The drop kick technique in rugby codes is usually to hold the ball with one end pointing downwards in two hands above the kicking leg. The ball is dropped onto the ground in front of the kicking foot, which makes contact at the moment or fractionally after the ball touches the ground, called the half-volley. The kicking foot usually makes contact with the ball slightly on the instep.

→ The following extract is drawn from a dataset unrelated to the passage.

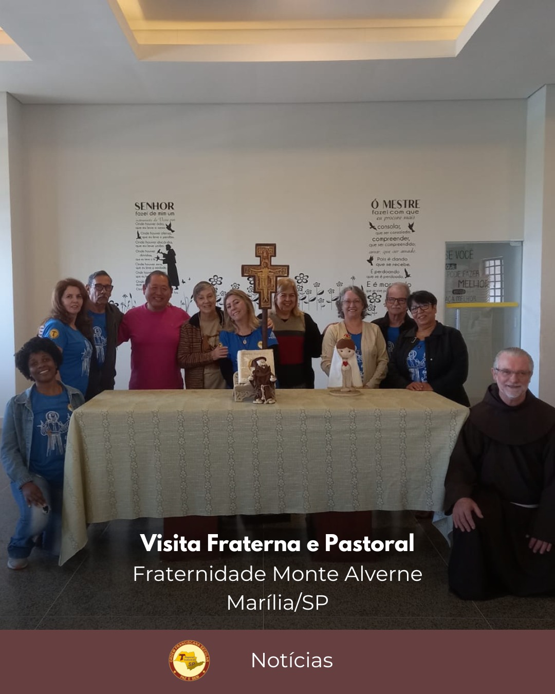 No dia 13 de julho de 2025 o Coordenador do 7º distrito, Teruo Yamaki, sua esposa, Rita Yamaki, e Frei André Gurzynski, OFM, Assistente Espiritual Regional, estiveram na Fraternidade Monte Alverne, da cidade de Marília, SP, realizando Visita Fraterna e Pastoral. Foram momentos de vivência fraterna, orientações e aprendizados, incluindo visitas a algumas irmãs que estão no SEI. A VFP foi muito boa e frutuosa. Paz e Bem!

In a rugby union kick-off, or drop out, the kicker usually aims to kick the ball high but not a great distance, and so usually strikes the ball after it has started to bounce off the ground, so the contact is made close to the bottom of the ball.

=== Rugby league ===
In rugby league, drop kicks are mandatory to restart play from the goal line (called a goal line drop-out) after the defending team is tackled or knocks on in the in-goal area or the defending team causes the ball to go dead or into touch-in-goal. Drop kicks are also mandatory to restart play from the 20 metre line after an unsuccessful penalty goal attempt goes dead or into touch-in-goal and to score a drop goal (sometimes known as a field goal) in open play, which is worth one point.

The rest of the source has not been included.